Fast-neutron Reactor - Advantages

Advantages

• Although it is currently (2010) uneconomic, a fast neutron reactor can reduce the total radiotoxicity of nuclear waste, and dramatically reduce the waste's lifetime. They can also use all or almost all of the fuel in the waste. Fast neutrons have an advantage in the transmutation of nuclear waste. With fast neutrons, the ratio between splitting and the capture of neutrons of plutonium or minor actinide is often larger than when the neutrons are slower, at thermal or near-thermal "epithermal" speeds. The transmuted odd-numbered actinides (e.g. from Pu-240 to Pu-241) split more easily. After they split, the actinides become a pair of "fission products." These elements have less total radiotoxicity. Since disposal of the fission products is dominated by the most radiotoxic fission product, Cesium 137, which has a half life of 30.1 years, the result is to reduce nuclear waste lifetimes from tens of millennia (from transuranic isotopes) to a few centuries. The processes are not perfect, but the remaining transuranics are reduced from a significant problem to a tiny percentage of the total waste, because most transuranics can be used as fuel.

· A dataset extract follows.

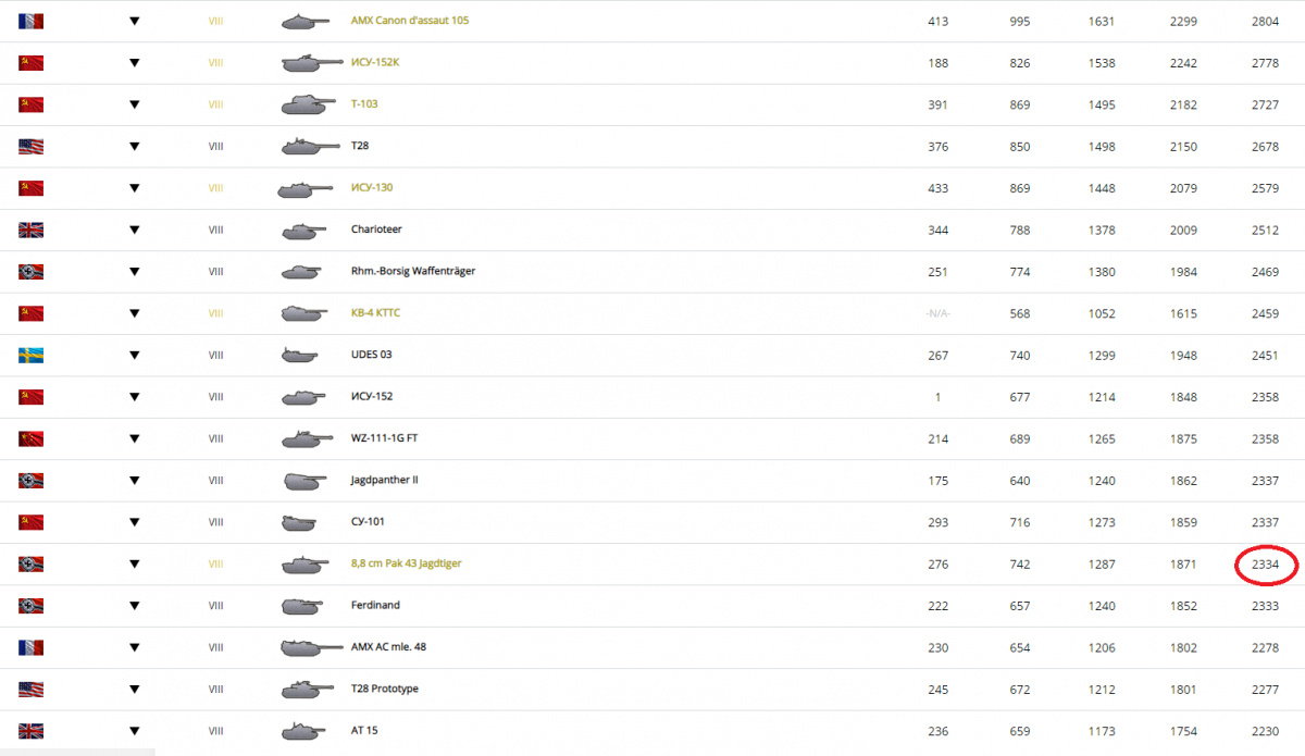 Так а кто просел сильнее? Конкретно, кто? Вот суммарка на 3 отметки среди всех ПТ-8. Яга в числе самых слабых. И это притом, что у неё готовая комплектация, а все эти Фердинанды, СУ-101, Прототипы и АТ15-е надо ещё выкачать в топ. То есть, по факту, это худшая ПТ-8. Давайте не будем друг друга обманывать. Яга-88 - худшая ПТ-8 по боевой эффективности, если брать все машины в топовой комплектации. Не вводите игроков в заблуждение. Скрин привёл. Да даже АТ15А, пусть она просела где-то на 100 единиц средухи за 2-3 года, всё равно на свой уровень намного сильнее, чем Яга на свой.

• Fast reactors technically solve the "fuel shortage" argument against uranium-fueled reactors without assuming unexplored reserves, or extraction from dilute sources such as ordinary granite or the ocean. They permit nuclear fuels to be bred from almost all the actinides, including known, abundant sources of depleted uranium and thorium, and light water reactor wastes. On average, more neutrons per fission are produced from fissions caused by fast neutrons than from those caused by thermal neutrons. This results in a larger surplus of neutrons beyond those required to sustain the chain reaction. These neutrons can be used to produce extra fuel, or to transmute long half-life waste to less troublesome isotopes, such as was done at the Phénix reactor in Marcoule in France, or some can be used for each purpose. Though conventional thermal reactors also produce excess neutrons, fast reactors can produce enough of them to breed more fuel than they consume. Such designs are known as fast breeder reactors.
• The fast reactor doesn't just transmute the inconvenient even-numbered transuranic elements (notably Pu-240 and U-238). It transmutes them, and then fissions them for power, so that these former wastes would actually become valuable.